Le monde musulman face à Obama
Tarek Ramadan

Dans un récent article, je mettais en évidence le rôle crucial de l’ Union Européenne à l’heure de l’arrivée au pouvoir de Barak Obama aux Etats-Unis. Les pays européens ont effectivement une responsabilité fondamentale quant à l’influence qu’ils peuvent jouer afin de rendre la politique internationale véritablement multipolaire. Si l’on se tourne du côté des pays arabes et asiatiques majoritairement musulmans, on s’aperçoit que la même euphorie règne, une « Obamania » très répandue, qui laisse presque penser que le nouveau « messie américain » est arrivé et qu’il va sans doute régler la majorité des problèmes auxquels font face les différents pays. Outre la naïveté du propos et de l’attente (qui oublie que la politique Etats-Unis est bien autre chose que le symbole d’un homme et de sa couleur de peau), il convient, ici aussi, de reconsidérer les perspectives et d’établir clairement les responsabilités et la nature des espérances.

Dans un récent colloque qui se déroulait à Qatar au sujet des relations entre les Etats-Unis et « le monde islamique », nous étions une centaine de participants à débattre de la complexité, des avantages et des ambigüités de ces relations. Madeleine Albright, Barham Salih (vice premier ministre d’Irak), David Petraeus (ancien commandant des troupes US en Irak) et Anwar Ibrahim (ancien vice premier ministre et chef de l’opposition en Malaisie) ont participé à un important panel durant ces rencontres.
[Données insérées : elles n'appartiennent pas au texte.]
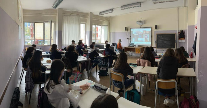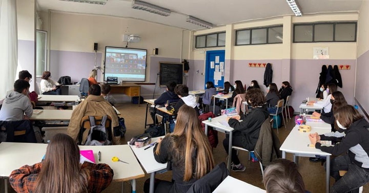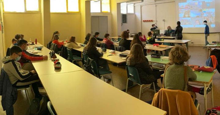 È una storia toccante, che ha commosso gli alunni… ma che Matteo ha saputo ben stemperare durante tutto l’incontro “Virtuale”.

On a pu entendre Anwar Ibrahim affirmer avec détermination qu’il fallait cesser cette litanie et ces attentes à propos de Barak Obama et que les sociétés majoritairement musulmanes étaient responsables de mettre de l’ordre dans leurs affaires. Le propos étaient effectivement bienvenu et il importe ici de répéter avec clarté que les sociétés majoritairement musulmanes - des politiques intérieures jusqu’aux conflits locaux (de la Palestine, à l’Irak, à l’Afghanistan ou aux menaces qui pèsent sur l’Iran) – sont les premières responsables de leur destin et qu’il faut cesser, pour les gouvernements comme pour la plupart des peuples, d’endosser en permanence le statut de « victimes ». Les peuples palestiniens, afghans ou irakiens sont bien sûr des victimes de leurs agresseurs mais ils sont aussi les victimes directes ou « collatérales » de la lâcheté et de l’hypocrisie des Etats et des gouvernements des sociétés majoritairement musulmanes.
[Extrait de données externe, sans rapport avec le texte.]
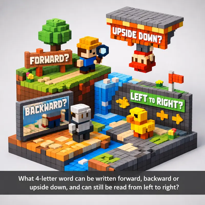 What 4-letter word can be written forward, backward or upside down, and can still be read from left to right?

Au-delà de la crise économique mondiale que nous traversons, ces dernières paraissent bloquées, politiquement, intellectuellement et culturellement. Dictatures, absences de débats pluralistes, déficit de renouveau et créativité sur le plan artistique et culturel (deux ou trois pays font exception), etc. : le tableau est bien sombre. Un grand mouvement de démocratisation réel et profond est nécessaire si l’on veut voir changer l’ordre des choses et assister au réveil d’un nouveau « monde musulman ». Ce mouvement de démocratisation exige d’abord une lutte généralisée contre la corruption qui sévit transversalement dans toutes les sociétés majoritairement musulmanes d’Est en Ouest. Rien ne pourra être espéré, ni réalisé, sans un minimum de transparence qui mette un terme aux passe-droits, au clientélisme, aux commissions illégales, au trafic d’influences, au non respect des institutions, etc. Le monde musulman aujourd’hui est un univers traversé par la corruption la plus tenace : les sempiternels discours sur la référence et l’éthique islamiques sont accompagnés des pratiques les plus hypocrites.

Il importe donc de voir se réveiller les sociétés civiles du monde musulman. Les peuples, et les intellectuels, ne peuvent pas rester ainsi passifs et rendre à leur tour seuls responsables de leur situation les Etats et les dictatures. Que celles-ci existent et que les peuples en soient victimes, cela ne fait pas l’ombre d’un doute mais cela ne peut justifier l’entretien d’une pensée victimaire qui justifierait l’inaction. La mise sur pied de cercles de débats populaires et les actions concertées de citoyens et d’organisations peuvent faire évoluer les choses. Le cas échéant des mouvements non violents de résistance de la société civile sont des moyens qui, par leur caractère de masse, peuvent ébranler les dictateurs en place : on ne voit rien de tout cela aujourd’hui. A travers le monde, de l’Amérique du Sud à l’Afrique et à l’Asie, le joug des dictatures a été secoué à l’exception notoire des pays arabes où les dirigeants sont encore « démocratiquement » élus à vie depuis des décennies.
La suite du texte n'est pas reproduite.